We know precious little about Betty. We know that she was once a model, she speaks fluent Italian, and she rode horses as a girl. The only thing that would seem to make her happy is looking perfect and having the perfect home and family. But there’s no such thing as perfection. Betty refuses to let go of her unrealistic, childhood fantasy of the perfect domestic life.
Or can she? She waited up for happened upon Don as she moved the last box out of the house in the season finale. She tried to get his sympathy: “Things are hard,” she said, with a stiff upper lip. Don responded with the news of his engagement. The fact that she powdered her nose and freshened up before seeing Don suggested that she was trying for a reconciliation, and one last chance at the fantasy of the perfect life. Or perhaps she was just trying to bid a proper goodbye to that dream. Either way, she gave Don the key and walked out of the house.

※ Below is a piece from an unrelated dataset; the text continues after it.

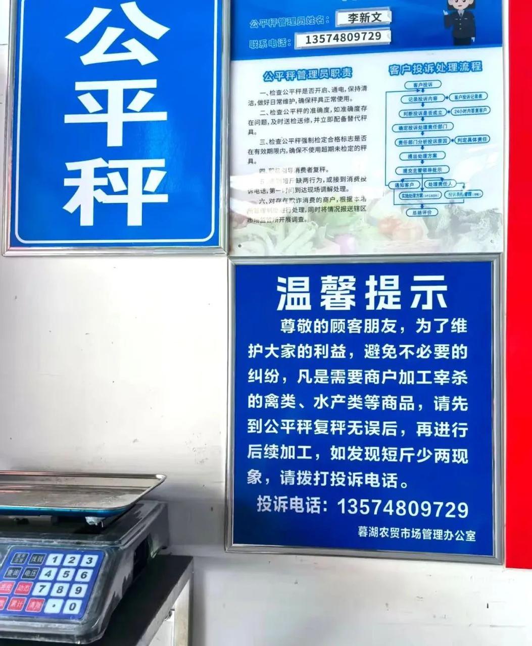 此外,天心区市场监管局增配了41台公平秤,按照需求投放至全区20个农贸市场,并张贴“先复秤,再加工”的温馨提示引导市民主动维权。
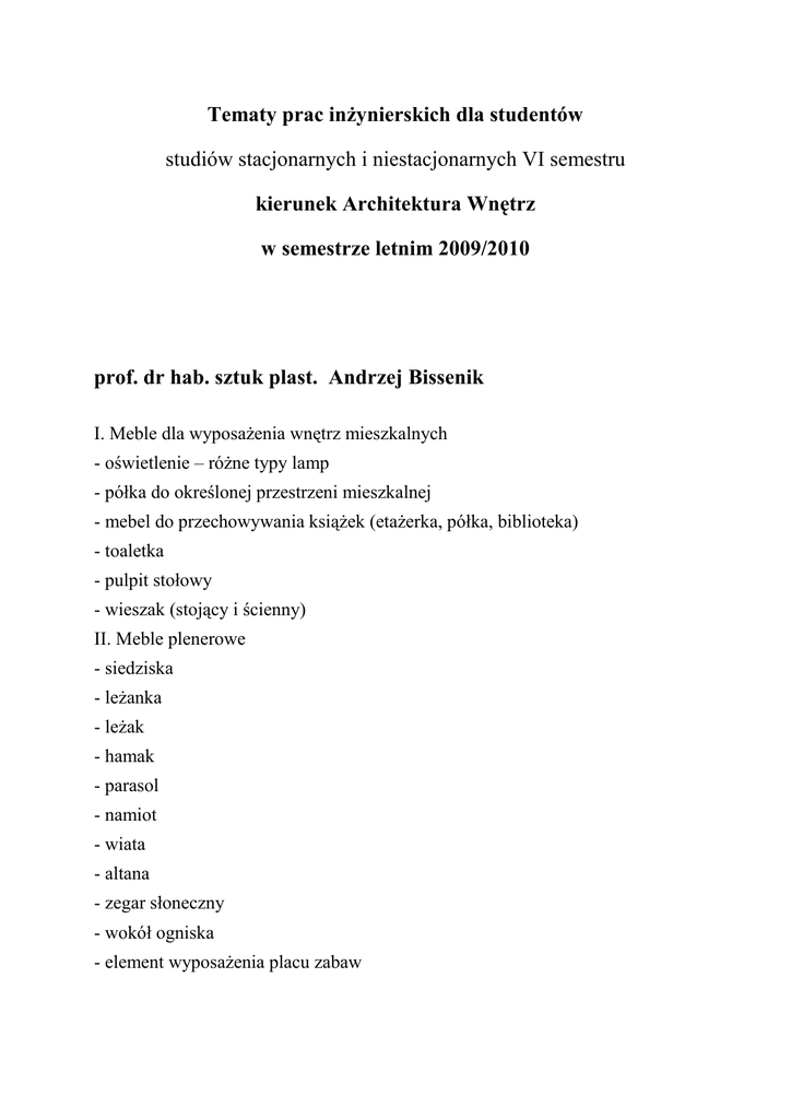 Tematy prac inŜynierskich dla studentów studiów stacjonarnych i niestacjonarnych VI semestru kierunek Architektura Wnętrz w semestrze letnim 2009/2010 prof. dr hab. sztuk plast. Andrzej Bissenik I. Meble dla wyposaŜenia wnętrz mieszkalnych - oświetlenie – róŜne typy lamp - półka do określonej przestrzeni mieszkalnej - mebel do przechowywania ksiąŜek (etaŜerka, półka, biblioteka) - toaletka - pulpit stołowy - wieszak (stojący i ścienny) II. Meble plenerowe - siedziska - leŜanka - leŜak - hamak - parasol - namiot - wiata - altana - zegar słoneczny - wokół ogniska - element wyposaŜenia placu zabaw III. Meble dla dzieci - kołyska dla niemowlęcia - mebel zabawka (przechowywanie zabawek) - zabawka „mini zoo” - stojak chodzik - mebel dla przedszkolaka prof. dr hab. Stanislaw Gontarczyk. Telefony: kom. 607 087 988 Tematy: siedzisko - projekt mebla "organizującego" przestrzeń wnętrza wybranego przez Dyplomanta: A. wnętrze mieszkalne 1. hall 2. salon 3. gabinet 4. sypialnia 5. łazienka B. wnętrze uŜyteczności publicznej 6. poczekalnia 7. foyer 8. pasaŜ 9. pub 10. propozycja autorska Dyplomanta Zakres opracowania projektowego: I. Inspiracje: 1. dokumentacja (rysunkowa oraz foto) wybranego wnętrza 2. przegląd i ocena aktualnej oferty rynku meblarskiego w zakresie tematu II. Scenariusz: 3. autorskie załoŜenia projektowe uwzględniające stylistykę wybranego wnętrza oraz uwarunkowania związane z tematem projektu, np: estetyczne, funkcjonalne, ergonomiczne, kulturowe, ekonomiczne itp. III. Dokumentacja procesu projektowego: 4. szkice koncepcyjne 5. makiety robocze w skali 1:5 6. projekt podstawowy 7. rysunki wykonawcze w skali 1:1 8. model mebla w skali 1:1 ewent. 1:2,5 IV. Opis projektu mebla: 9. wizualizacje mebla we wnętrzu 10. prezentacja walorów estetycznych, funkcjonalnych, ergonomicznych projektu. Meblarski projekt dyplomowy jest samodzielną pracą Dyplomanta, trwającą równolegle z realizacją programu dydaktycznego semestrów: VII i VIII. prof. dr hab. sztuk plast. Przemysław Krajewski (tel. 604287956) 1. Wnętrza mieszkalne: - Pokój dzienny – salon z aneksami: gabinet, biblioteka, jadalnia (róŜne typy rozwiązań przestrzennych) - Sypialnia, garderoba, łazienka (róŜne typy rozwiązań przestrzennych) - Sień mieszkalna (strefa wejściowa), pokój dzienny (salon) - Pracownia twórcza z niezbędnym aneksem – składowanie, sanitariaty 2. Wnętrza uŜyteczności publicznej (wnętrza handlowe): - Apteka, sklep zielarski - Antykwariat - ksiąŜki, grafika, fotografie, drobne przedmioty w gablotach i witrynach - Sklep z butami - Sklep z ceramiką i szkłem - Sklep drogeryjny lub z kosmetykami (róŜne typy asortymentu) - Sklep z biŜuterią lub zegarkami (moŜe być teŜ antykwariat z tym asortymentem) - Księgarnia wydawnicza: Arkady, Czytelnik, PiW, PWN etc. - Sklep z miodami - Sklep z okularami (wybrane marki) - Cukiernia z aneksem do konsumpcji (sprzedaŜ ciast) 3. Wnętrze uŜyteczności publicznej – wnętrza usługowe: - Biuro podróŜy - Barek kawowy (system sieciowy) - Herbaciarnia - Salon fryzjerski 4. Przestrzeń publiczna: - Mała kawiarnia sezonowa - Mała gastronomia – w oparciu o istniejący system wystawienniczy - Mała ekspozycja plenerowa prof. dr hab. sztuk plast. Lucjan Kasprzak Przestrzenie mieszkalne 1. Ganek wejściowy i sień mieszkalna 2. Sień mieszkalna i pokój dzienny lub salon 3. Przedpokój – kuchnia – jadalnia 4. Przestrzeń wspólna w istniejącym domu rodzinnym 5. Kuchnia, jadalnia i duŜy balkon 6. Salon, kuchnia i jadalnia 7. Salon albo pokój dzienny i terasa lub weranda 8. Salon i gabinet np. kominkowy, podróŜnika, wolnego zawodu, biblioteka wielopokoleniowa, itd. 9. Sypialnia z duŜą łazienką 10.Sypialnia - garderoba – łazienka 11.Mieszkanie 3-osobowe na poddaszu 12.Pracownia projektowa na poddaszu 13.Przestrzeń indywidualna w domu rodzinnym – zespół sypialni i toalet 14.Przestrzeń kawalerki. 15.Kawalerka loft. 16.Mieszkanie 2 - pokojowe 17.Mieszkanie w rotundzie 18.Izba z kuchnią, kominkiem i zapieckiem i w domu wakacyjnym 19.Mieszkanie wakacyjne w chacie – adaptacja wnętrz UŜyteczność publiczna – handel 20.Kwiaciarnia. 21.Sklep zoologiczny. 22.Sklep rowerowy 23.Salon map i urządzeń nawigacji 24.Księgarnia określonego wydawnictwa np. „Arkady”, „Amber”, wydawnictw szkolnych i dziecięcych, encyklopedycznych, itd. 25.Antykwariat określonego profilu 26.Sklep muzyczny: partytury, małe instrumenty, płyty winylowe itp. 27.Sklep filatelistyczny. 28.Sklep numizmatyczny. 29.Boutique – odzieŜ firmowa. 30.Perfumeria – kosmetyki firmowe. 31.Sklep z kapeluszami. 32.Sklep obuwniczy określonego profilu 33.Sklep z kominkami. 34.Sklep z ceramiką szlachetną 35.Sklep ze szkłem artystycznym 36.Apteka 37.Sklep z miodami 38.Kiosk kolportaŜowo-księgarski z drobnymi przedmiotami codziennych potrzeb. UŜyteczność publiczna –usługi, miejsce pracy 39.Salon fryzjerski 40.Salon optyczny 41.Zakład ramiarski - oprawa obrazów 42.Zespół usługowy: zegarmistrz, jubiler, grawer 43.Zespół usługowy: dorabianie kluczy, pieczątkarz, zegarmistrz 44.Usługi jubilerskie ze sklepem 45.Domowa pracownia projektowa 46.Sień hotelowa z recepcją 47. Apartament hotelowy w realnej sytuacji. 48.Komfortowe mieszkanie studenta wydziału projektowego w akademiku UŜyteczność publiczna –odpoczynek, rekreacja 49.Biuro podróŜy określonej firmy 50.Salon informacji turystycznej 51.Ekspozycja plenerowa określonego tematu 52.Letnia kawiarnia plenerowa. 53.Letni bufet plenerowy. 54.Altana lub pergola w parku miejskim Herbaciarnia56. 55.Herbaciarnia w pergoli 56.Herbaciarnia polska 57.Bar klubowy np. kibiców 58.Bar kawowy 59.Cukiernia 60.Kawiarenka muzyczna prof. dr hab. Lech Koliński 1. PROJEKT WNĘTRZ DOMU MIESZKALNEGO - DOM DO WYBORU 2. PROJEKT WNĘTRZ SKLEPU – BRANśA DO WYBORU - LOKALIZACJA NA PARTERZE KAMIENICY PRZY UL. ZŁOTEJ 1 W WARSZAWIE 3. PROJEKT WNĘTRZ LINII LOTN

I hope that in the next season Betty learns to want something other than that failed dream, that she develops as a character, and that we’ll stop hating her. A friend of mine hopes that Betty joins the women’s movement. I bet Betty would balk at such activities at first, but then she’d be won over. The dream of domesticity failed her. The movement in the sixties was made for women like her.
This is, after all, the woman who shot her neighbor’s pet birds in the middle of the afternoon, her hair unkempt, wearing her nightgown. The guy threatened her kids, and she got mad. And Betty, we learned, is a pretty good shot.